South Korea’s equity markets are showing remarkable performance, with the benchmark Kospi index experiencing nearly 70% growth this year, nearing its best annual gains in 25 years. President Lee Jae Myung, who took office in June, set an ambitious target for the Kospi to hit 5,000, which seemed unattainable when the index was at approximately 2,700. Currently, the index stands around 4,000, driven largely by significant advances in corporate governance reforms and a global surge in artificial intelligence investments.
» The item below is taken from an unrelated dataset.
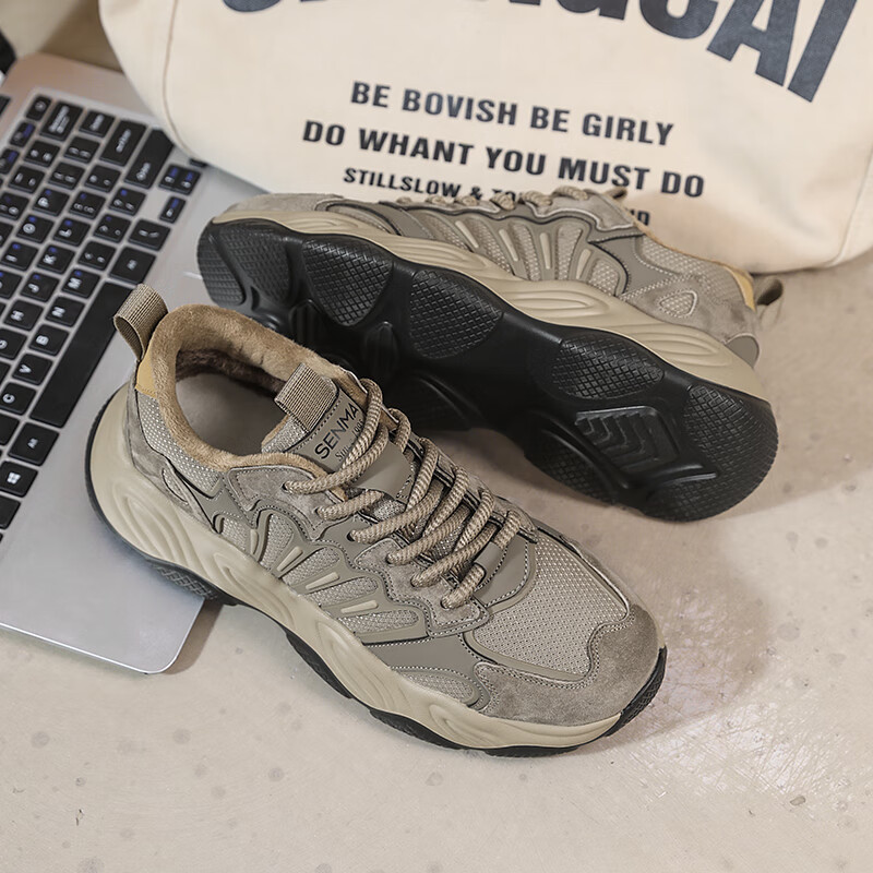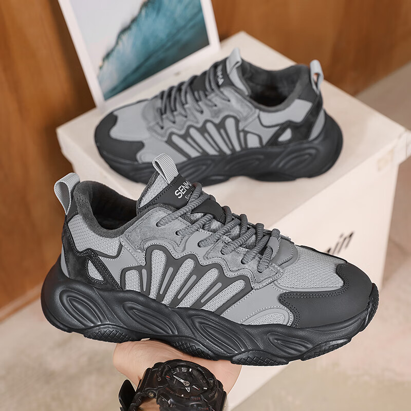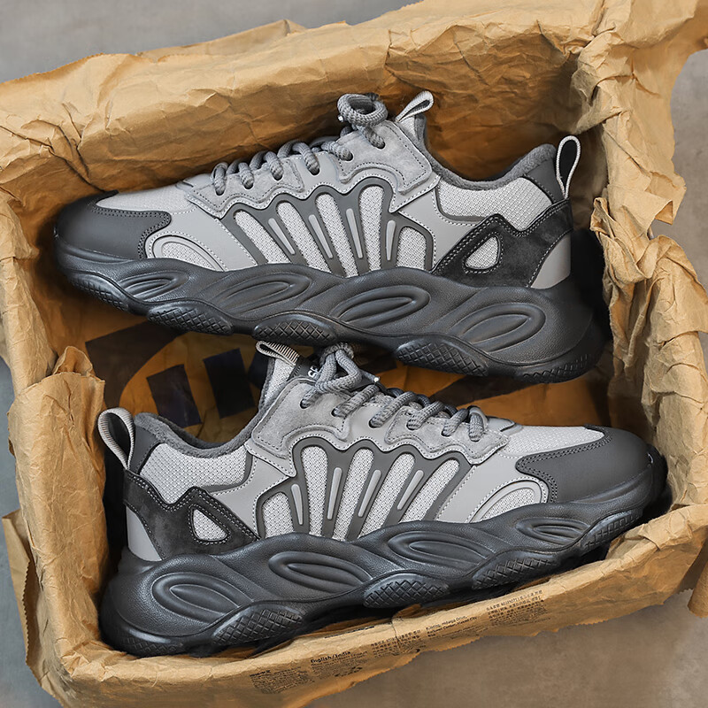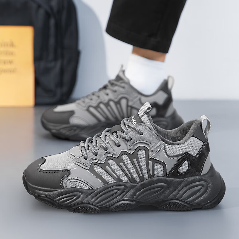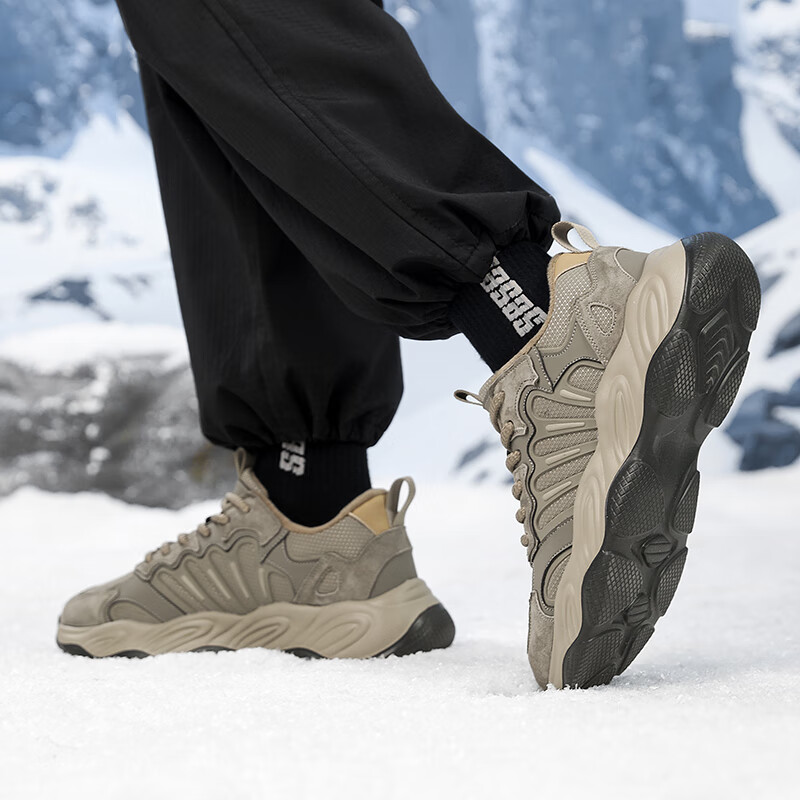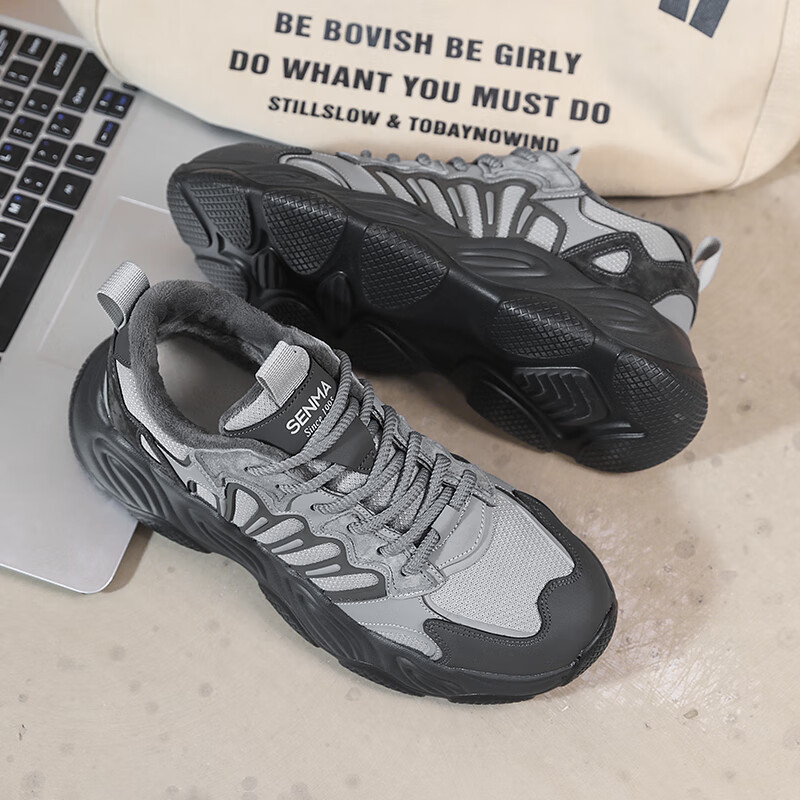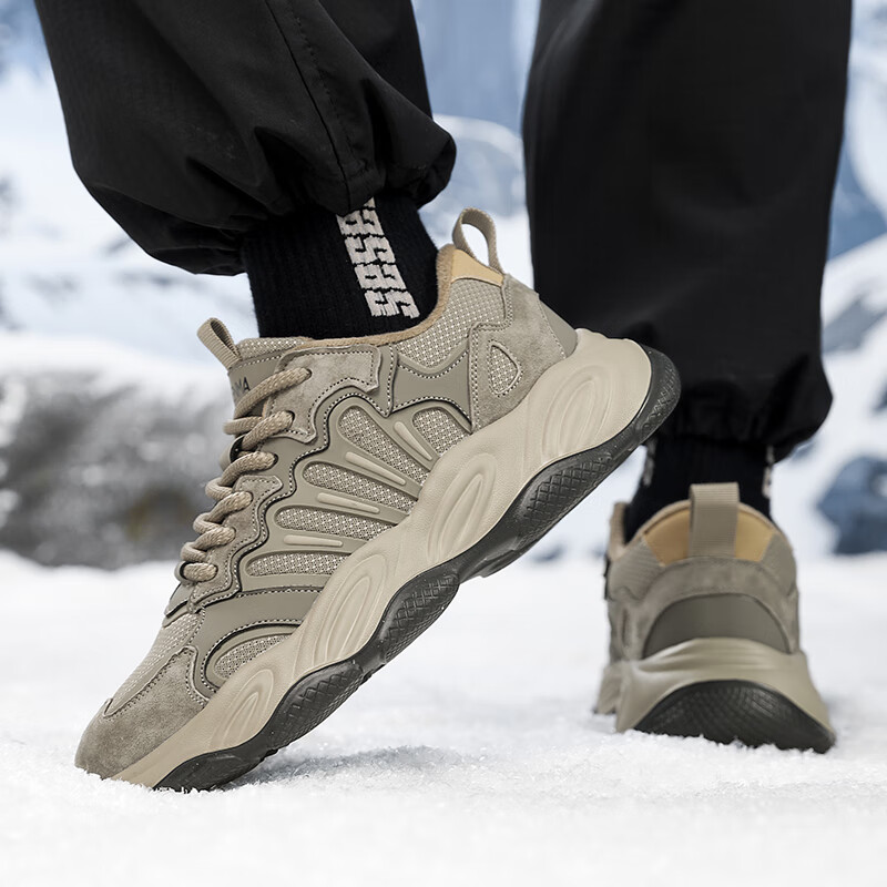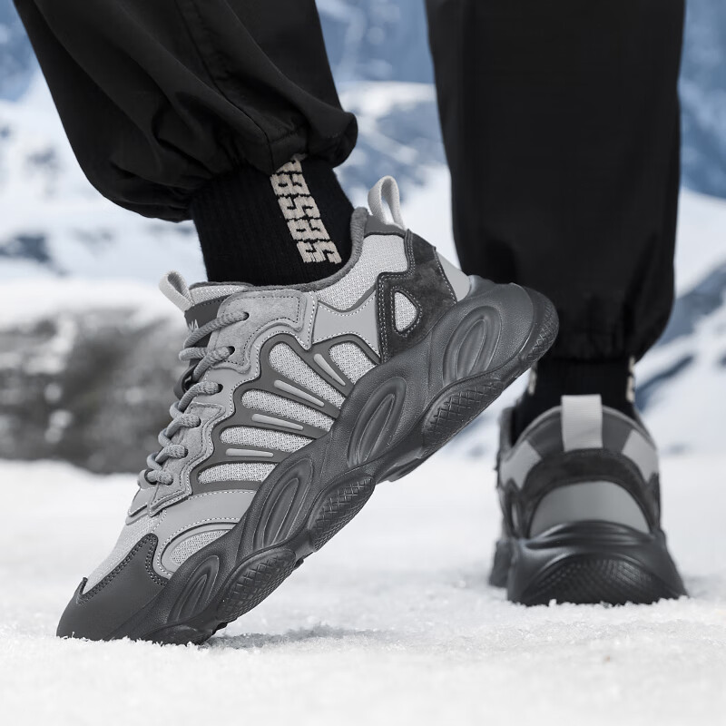 森馬男鞋2026年新款冬季休闲加绒保暖工作劳保户外徒步登山运动老爹鞋 灰色【单鞋款】 39 标准码数/现货秒发
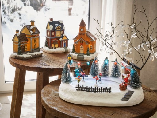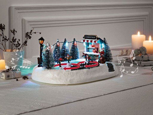 Ta urocza wioska świąteczna LED o wymiarach ok. 29 x 21 x 13,5 cm to idealna dekoracja do użytku w pomieszczeniach. Zawiera ona scenę otoczenia z ruchomymi łyżwiarzami, które dodają uroku i dynamiki całej scenie. Aż 11 energooszczędnych, trwałych diod LED z kolorowym światłem dodaje blasku i wyjątkowego uroku całej dekoracji.

Lee’s administration has focused on addressing the “Korea discount,” a term describing the undervaluation of South Korean stocks due to historical corporate practices that favored controlling shareholders at the expense of minority stakeholders. The public’s engagement in the stock market has surged from about 7% of the voting population in 2019 to more than 30% anticipated by 2024, emphasizing the importance of improving household financial security through market growth.
Changes to corporate governance regulations include mandatory cumulative voting for major companies and limitations on voting rights held by individual shareholders in board elections. Reforms aimed at enhancing accountability in corporate practices highlight a proactive government stance in transforming shareholder dynamics. Companies are increasingly adopting these reforms, with notable examples such as SK Square, which has improved its share valuation by taking steps like divesting non-core assets.
Looking forward, additional reforms are on the horizon, including changes to tax laws affecting dividends and inheritance. The journey towards effective corporate governance in South Korea is critical, as successful implementation could serve as a model for governance in other economies.